* [EXERCISE OBJECTIVE] In the records below, the lines between the one holding "Παρακολουθείστε ζωντανά από" and the one holding "Размеры доступные для заказа на производстве", inclusive, are to be transcribed exactly; no pictures are to be included.

* [RECORDS TO USE]
____

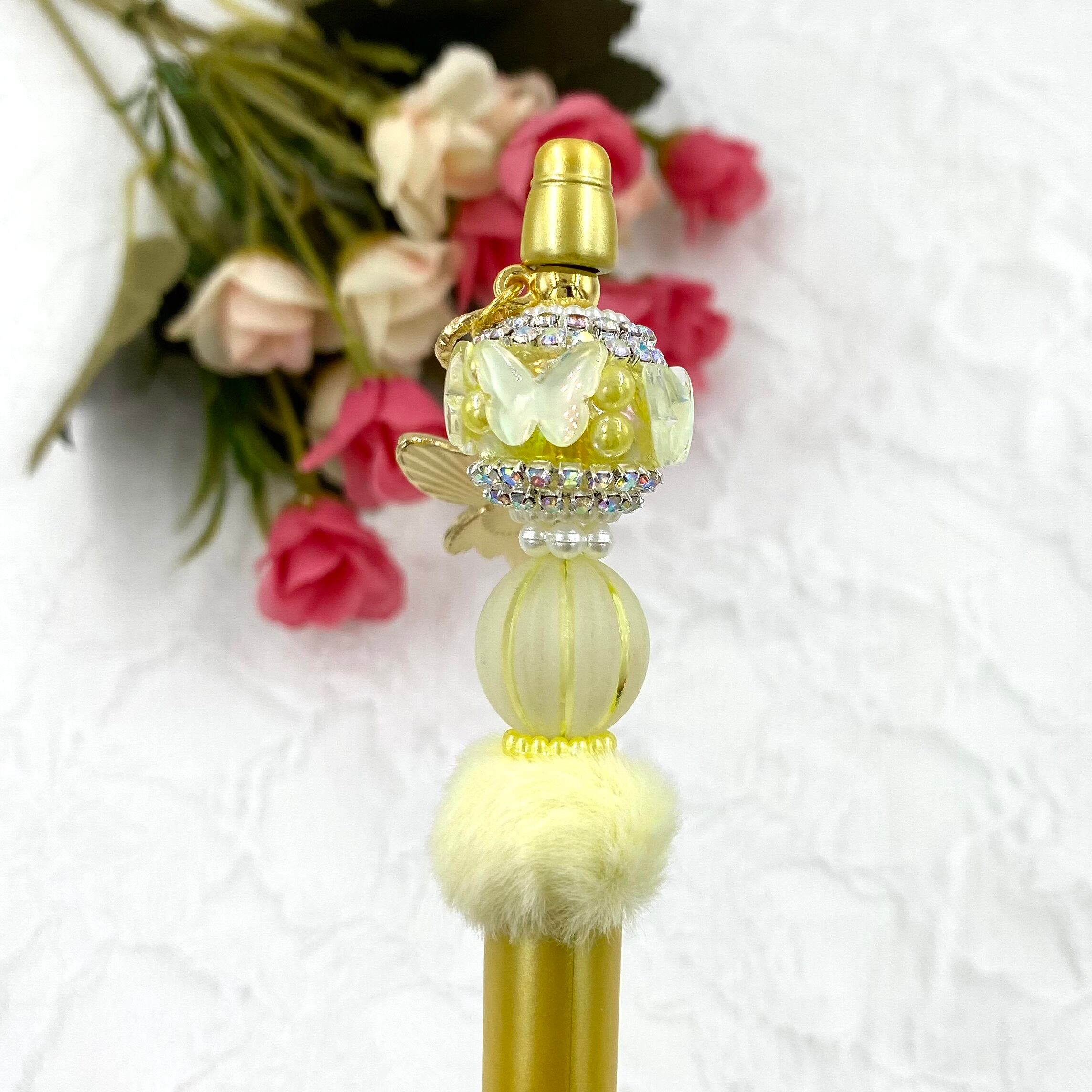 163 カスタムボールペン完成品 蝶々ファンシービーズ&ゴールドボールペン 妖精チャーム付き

____

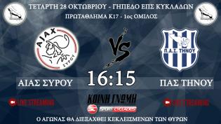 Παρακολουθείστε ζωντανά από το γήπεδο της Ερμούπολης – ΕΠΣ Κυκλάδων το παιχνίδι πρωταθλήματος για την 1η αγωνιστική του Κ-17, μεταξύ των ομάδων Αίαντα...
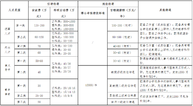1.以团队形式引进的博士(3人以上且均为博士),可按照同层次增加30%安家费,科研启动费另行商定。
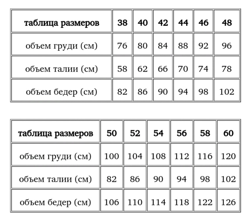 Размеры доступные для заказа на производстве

____

* [WRITTEN RESPONSE]
 Παρακολουθείστε ζωντανά από το γήπεδο της Ερμούπολης – ΕΠΣ Κυκλάδων το παιχνίδι πρωταθλήματος για την 1η αγωνιστική του Κ-17, μεταξύ των ομάδων Αίαντα...
1.以团队形式引进的博士(3人以上且均为博士),可按照同层次增加30%安家费,科研启动费另行商定。
 Размеры доступные для заказа на производстве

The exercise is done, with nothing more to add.